Resistance pressure sensors with dual resistive elements and four wires are widely used in various pressure monitoring applications. When the pressure increases, the resistance of one resistor increases, and the other resistor decreases. Precise measurements with resistance sensors need to compensate for the loss of line resistance, especially when the line length reaches tens of meters.

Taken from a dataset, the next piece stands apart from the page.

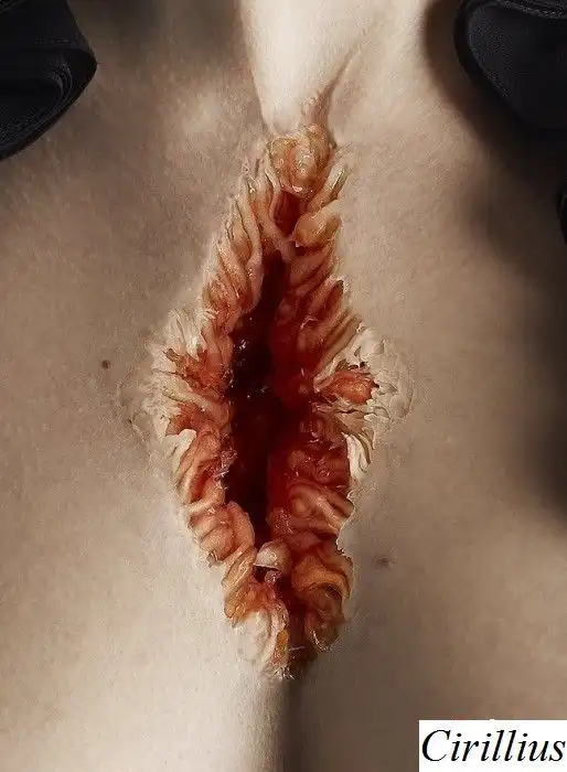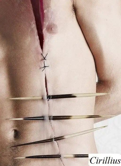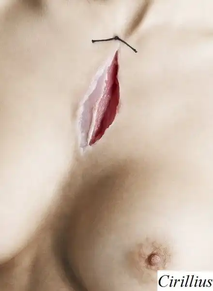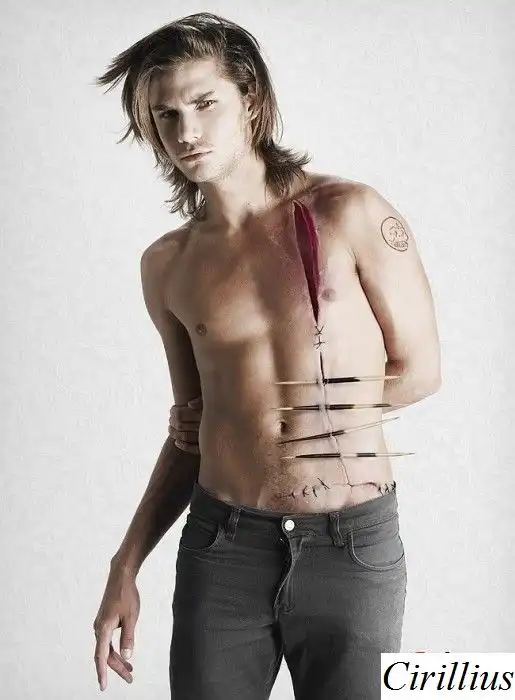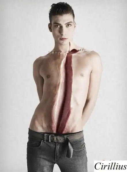 Да о чём там говорить? Даже из глубоких порезов органы не высыпаются, кости не торчат.. И сами порезы на кусок буженины похожи. Фотожопер явно не смотрел жести перед работой.

The microcontroller or computer can calculate the resistance of the sensor through the differential voltage on the sensor elements RS1 and RS2. Resistors RA, RREF, and RB and the sensor resistance limit the current through RS1 and RS2. The circuit uses AD7705ADC of Analog Devices Company to measure the sensor value. It has three pseudo differential input terminals and provides 16-bit resolution. In this application, AD7705 works in buffer mode, that is, the input bias current is less than 1nA. In the buffer mode, the analog input can withstand large source impedance, but the absolute input voltage value must be 50mV from the ground level, until the drain-drain voltage minus 1.5V. Resistor RB provides an input common mode voltage.

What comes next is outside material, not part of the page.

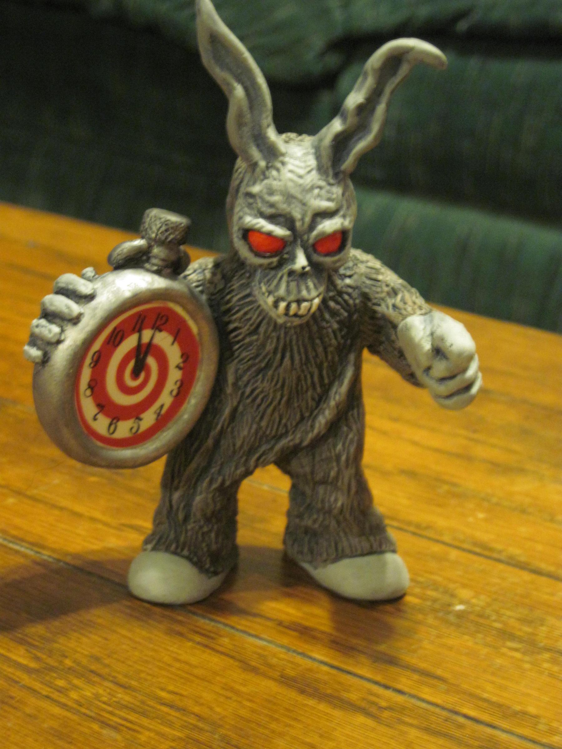 ![]() Decided to stick with the brownish look. Drybrushed the head light gray. Whitened the teeth, eyes, and clock face. Added the decal, and made the eyes red. |

The measurement depends on the value of the reference resistor RREF. To get the highest accuracy, the tolerance of RREF must be 0.01%, and there must be a small temperature coefficient. In order to avoid the self-heating of the sensor, the excitation current should be provided in pulse mode; the software controls the width of the pulse through Q1.
AIN1+, AIN1-calculate RL;
AIN2+, AIN2-calculate RS2+RL;
AIN1-, AIN2- calculate RS1+RS2+RL.
Resistance RS1 and RS2 can be calculated by subtraction. AD7705 has a PGA (Programmable Gain Amplifier) for amplifying small input signals. The device has self-calibration and system calibration options, which eliminates the gain error and offset error in the device or system.
The pressure measurement depends on the resistance ratio and the temperature in the equation P=F (RS1/RS2, T). The parameter T is a compensation coefficient of the temperature dependence of the resistance sensor, T=F (RS1+RS2).